* Work order
Examine the material below and count the lines that hold the word "with". Report only the number.

* Excerpted records
========

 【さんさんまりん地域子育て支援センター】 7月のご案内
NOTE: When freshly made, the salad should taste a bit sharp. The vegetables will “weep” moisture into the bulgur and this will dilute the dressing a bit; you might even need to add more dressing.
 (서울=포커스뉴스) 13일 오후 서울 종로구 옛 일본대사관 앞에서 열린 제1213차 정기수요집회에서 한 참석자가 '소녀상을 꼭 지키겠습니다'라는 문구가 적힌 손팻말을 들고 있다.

========

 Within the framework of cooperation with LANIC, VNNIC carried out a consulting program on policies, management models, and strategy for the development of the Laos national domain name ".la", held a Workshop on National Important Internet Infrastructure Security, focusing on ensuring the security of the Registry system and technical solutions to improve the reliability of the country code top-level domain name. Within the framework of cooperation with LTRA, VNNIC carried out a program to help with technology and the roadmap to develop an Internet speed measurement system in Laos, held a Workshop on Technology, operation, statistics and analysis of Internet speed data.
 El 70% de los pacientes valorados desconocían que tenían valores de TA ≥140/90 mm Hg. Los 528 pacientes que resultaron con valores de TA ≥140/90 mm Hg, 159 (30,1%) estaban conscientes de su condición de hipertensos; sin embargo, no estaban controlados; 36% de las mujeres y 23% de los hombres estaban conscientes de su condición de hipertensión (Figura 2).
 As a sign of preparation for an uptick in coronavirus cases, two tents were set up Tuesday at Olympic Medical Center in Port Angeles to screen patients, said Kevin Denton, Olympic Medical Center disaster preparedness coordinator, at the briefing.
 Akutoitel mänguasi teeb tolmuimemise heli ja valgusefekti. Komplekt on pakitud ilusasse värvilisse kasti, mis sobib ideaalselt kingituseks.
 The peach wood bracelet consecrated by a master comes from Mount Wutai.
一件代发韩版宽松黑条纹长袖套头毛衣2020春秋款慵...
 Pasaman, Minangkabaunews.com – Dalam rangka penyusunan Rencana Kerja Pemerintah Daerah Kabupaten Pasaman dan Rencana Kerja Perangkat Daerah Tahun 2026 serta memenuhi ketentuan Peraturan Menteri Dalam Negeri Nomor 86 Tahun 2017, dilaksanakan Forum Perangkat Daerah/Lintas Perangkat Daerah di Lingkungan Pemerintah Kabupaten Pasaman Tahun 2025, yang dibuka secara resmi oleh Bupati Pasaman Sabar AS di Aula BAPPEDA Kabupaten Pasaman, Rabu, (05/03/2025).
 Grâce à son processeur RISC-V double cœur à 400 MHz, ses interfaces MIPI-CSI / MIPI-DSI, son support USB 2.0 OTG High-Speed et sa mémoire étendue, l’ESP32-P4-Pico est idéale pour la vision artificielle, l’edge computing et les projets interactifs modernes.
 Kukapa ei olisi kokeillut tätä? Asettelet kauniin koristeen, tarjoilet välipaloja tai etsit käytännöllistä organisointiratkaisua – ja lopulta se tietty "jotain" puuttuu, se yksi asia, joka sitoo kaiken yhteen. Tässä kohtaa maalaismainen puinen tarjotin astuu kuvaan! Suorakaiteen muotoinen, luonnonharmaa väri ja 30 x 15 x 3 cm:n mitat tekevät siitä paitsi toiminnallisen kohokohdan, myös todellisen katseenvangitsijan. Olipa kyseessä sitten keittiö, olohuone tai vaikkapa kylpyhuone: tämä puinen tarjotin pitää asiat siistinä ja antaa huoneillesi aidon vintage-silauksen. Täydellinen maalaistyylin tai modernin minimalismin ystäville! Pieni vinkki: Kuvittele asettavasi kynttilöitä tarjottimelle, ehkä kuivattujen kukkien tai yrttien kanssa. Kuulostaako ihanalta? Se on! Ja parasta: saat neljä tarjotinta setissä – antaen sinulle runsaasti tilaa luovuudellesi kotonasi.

========

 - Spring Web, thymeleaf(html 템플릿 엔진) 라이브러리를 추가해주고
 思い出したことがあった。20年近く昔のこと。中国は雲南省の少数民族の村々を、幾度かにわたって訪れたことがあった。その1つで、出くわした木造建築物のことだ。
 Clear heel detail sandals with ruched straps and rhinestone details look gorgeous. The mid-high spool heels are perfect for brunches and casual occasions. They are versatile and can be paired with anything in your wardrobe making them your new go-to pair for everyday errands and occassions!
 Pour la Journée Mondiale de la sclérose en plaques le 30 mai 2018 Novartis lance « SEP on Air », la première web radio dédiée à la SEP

========

* Result of this exercise
2